Been told to build a 4x2 - those things cost $110ish, inclusive (base house is $87,000). Been told they rent for $280pw and the PM has several on her books. Rental vacancy rate here is about 0% - the tiny unrenovated dump across the road just rented out for $170pw. Tenants here are geologists and wind farm engineers, so they think the rent here is nice and cheap.

There's an identical 4x2 literally a stone's throw from here on fractionally smaller size land currently for sale for $240,000 so once that is sold you couldn't wish for a better point of reference for a valuation. The 3x2 next door to it is for sale for $220k.

It'll be a transportable house, so paid off in *one* payment on completion not progress payments.

Can I get a lo-doc construction loan based purely on those figures or do I have to drag my own (low) income into that? It is well under the 60% margin based on *on completion* value but not the raw figures - land of $40-50k and house build of $110k does not come close to 60%, but the house will be very positively geared.
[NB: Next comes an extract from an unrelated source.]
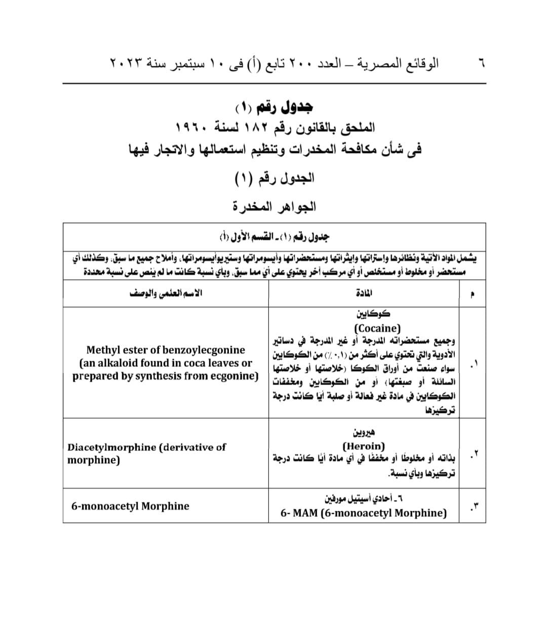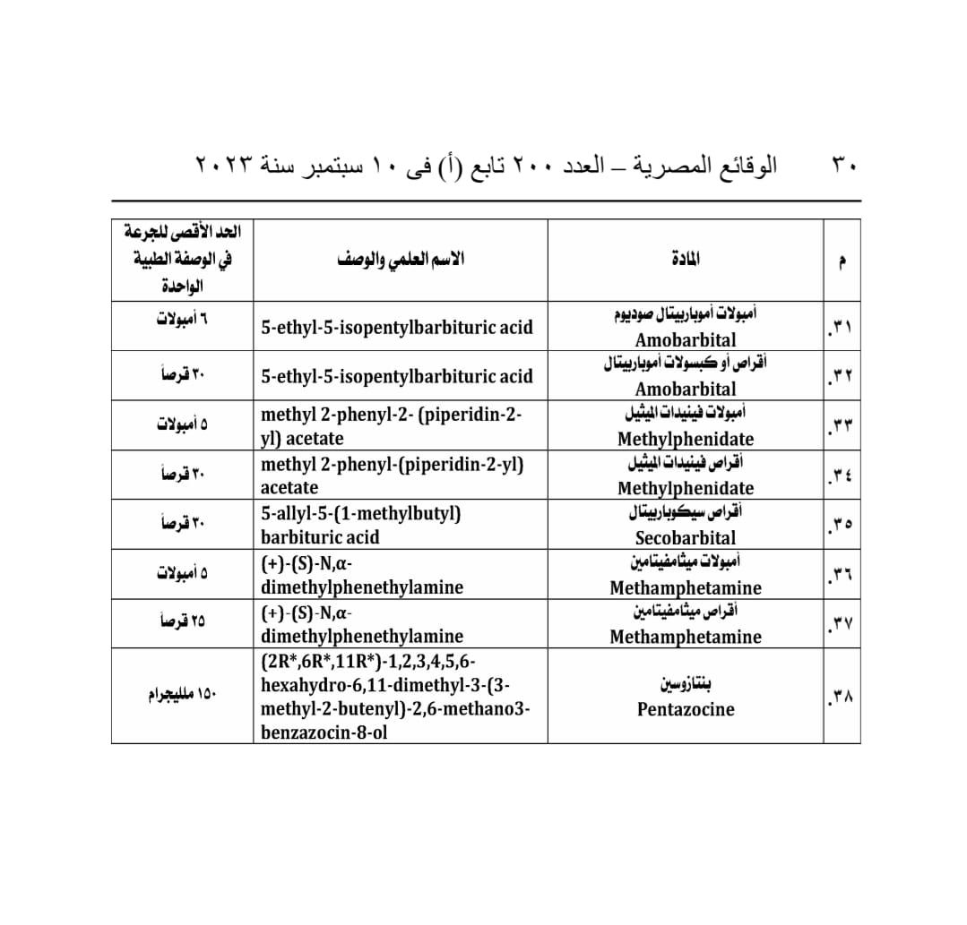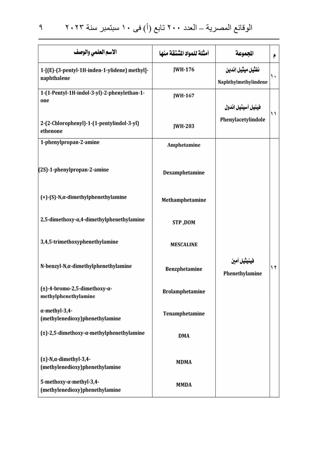 صدر من رئيس هيئة الدواء المصرية بعد توصيات اللجان المشكلة فى سبتمبر 2023 متضمنا إعادة تصنيف وتعديل جدول المخدرات، بما في ذلك إضافة مواد جديدة أو نقل مواد بين الأقسام المختلفة للجداول لضبط تداولها والذى ترتب عليه تجريم ومعاقبة من يضبط بحوزته هذه المواد المدرجة والتى من بينها المواد المخدرة المخلقة كالشابو والآيس.

I can tip $50k towards this straight away if I can sell my old house, but that looks very unlikely at this point.
 
Hiya

In general, that puppy looks like it would need to be complete before the lender will advance any funds towards the house itself

ta
rolf
 
You think? About half of new builds here are transportables, and they are *very* nice to look at when they are finished. Nothing like the transportables of a few years ago. The major transportable company here also does on-site builds on concrete slabs.

ETA: as to only financing when it is complete, that's not much different to selling our current house to have a settlement period coincide with it arriving. We'd be ahead about $100k on this one if we sold it. Just messy doing it that way.

Damn I need my old house sold.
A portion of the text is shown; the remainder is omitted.